In 2019, Google tried to improve facial recognition on Android phones by increasing the number of dark-skinned people in its dataset. But the contractors Google hired to collect the facial scans reportedly resorted to nasty tactics to make up for the lack of diverse data. They targeted homeless people and students. Google executives called the incident “extremely disturbing” at the time.

Google worked behind the scenes to improve its technology, but never allowed users to appreciate its efforts.

Margaret Mitchell, a researcher and co-founder of Google’s Ethics AI group, joined the company after the gorilla incident and worked with the photography team. In her recent interview, she said she supports Google’s decision to remove the gorilla label “at least for the time being.”

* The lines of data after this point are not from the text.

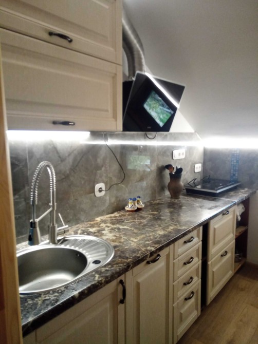 кухня (холодильник з мороз.камерою, піч індукційна, духова шафа, каструлі, витяжка, мийка, мікрохвильовка, посудомийка, посуд),
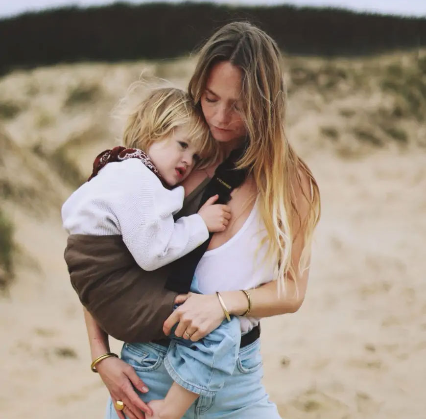 Nosidło wspomagające Wildride, które zakłada się jak torbę typu nerka. W ten sposób nosidło pełni funkcję poduszki, na której może usiąść dziecko. Ciężar malucha nie przechodzi na ręce rodzica, zamiast tego rozkłada się na nosidle. Wygodne noszenie na biodrze pozwala swobodnie spacerować - dzięki temu produktowi możesz nosić dziecko bez większego wysiłku.
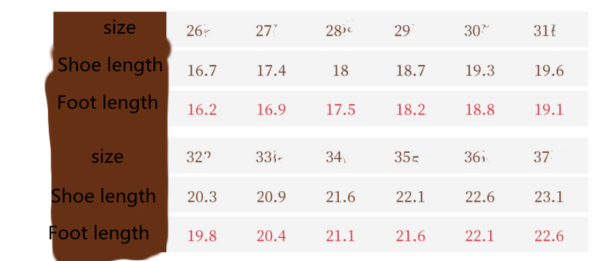 Size: 26 yards in length 16.7 suitable for foot length 16.2, 27 yards in length 17.4 suitable for foot length 16.9, 28 yards in length 18.0 suitable for foot length 17.5, 29 yards in length 18.7 suitable for foot length 18.2, 30 yards in length 19.3 suitable for foot length 18.8, 31 yards inner length 19.6 suitable for foot length 19.1, 32 yards inner length 20.3 suitable for foot length 19.8, 33 yards inner length 21.9 Suitable for foot length 20.4, 34 yards inner length 21.6 suitable for foot length 21.1, 35 yards inner length 22.1 suitable for foot length 21.6, 36 yards inner length 22.6 suitable for foot length 22.1, 37 yards Inner length 23.1 suitable for foot length 22.6
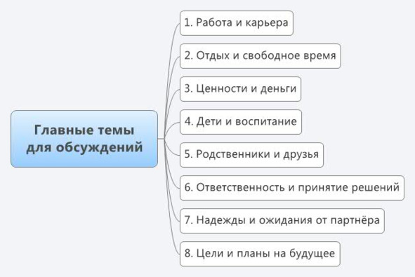 Перед тем, как мужчине и женщине создать семью и взять друг за друга ответственность, нужно выяснить, что им сулит совместная жизнь: счастливое будущее или бесконечные ссоры. Для этого существует целый ряд фундаментальных вопросов, которые желательно обсудить как можно раньше. И мужчине и женщине очень полезно вместе пройтись по всем пунктам, фиксируя свои ответы в специальных тетрадочках (мужчине – в своей, женщине – в своей).
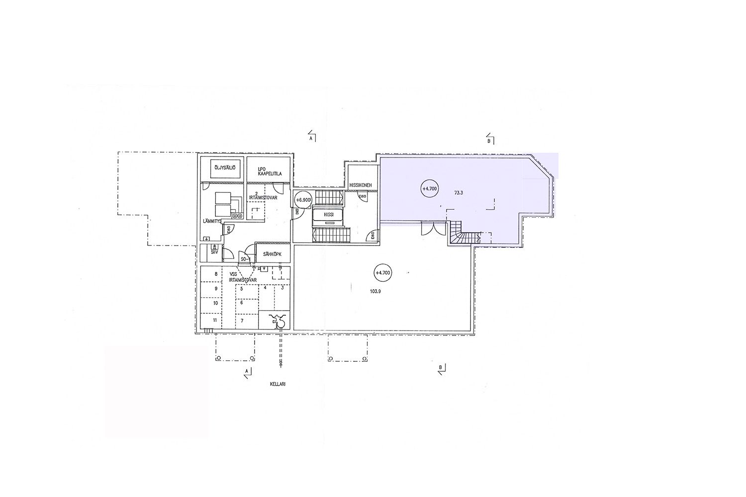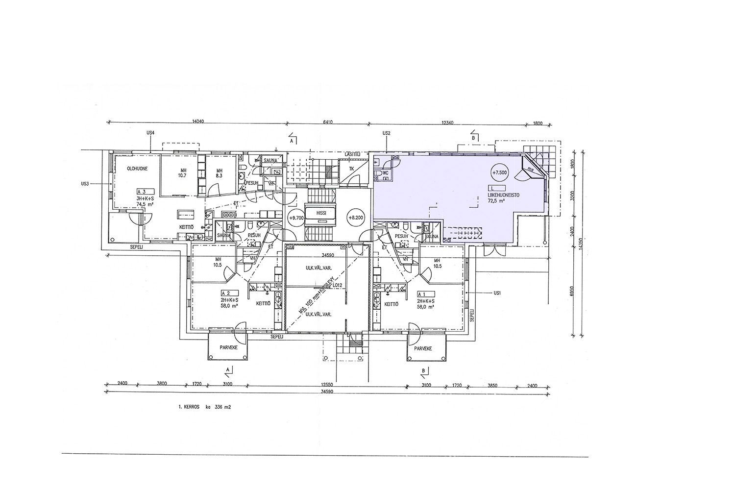 Pinta-alat: Liiketila 72,5 m² ja kellari 73,3 m² + optiona lisää kellaritilaa

“Instead of perpetuating harmful stereotypes, we have to think about how often we need to label gorillas,” Dr. Mitchell says. “The benefits do not outweigh the potential harm if done wrong.”

Ordóñez, the same professor, said Google and Apple may have been able to distinguish between primates and humans, but they didn’t want to enable the feature because of the reputational risk if it malfunctioned again. I guessed.

Then Google released Google Lens, a more powerful image analysis product. It’s a tool that searches the web by pictures instead of text. Wired In 2018, it was found that even this tool could not identify gorillas.

Dr. Mitchell, who no longer works at Google, says these systems are far from foolproof. With billions of people using Google’s services, even rare glitches that occur to just one of his billion users can surface.

“It’s just one mistake and it has a big social impact,” she said, calling it “the needle in the haystack.”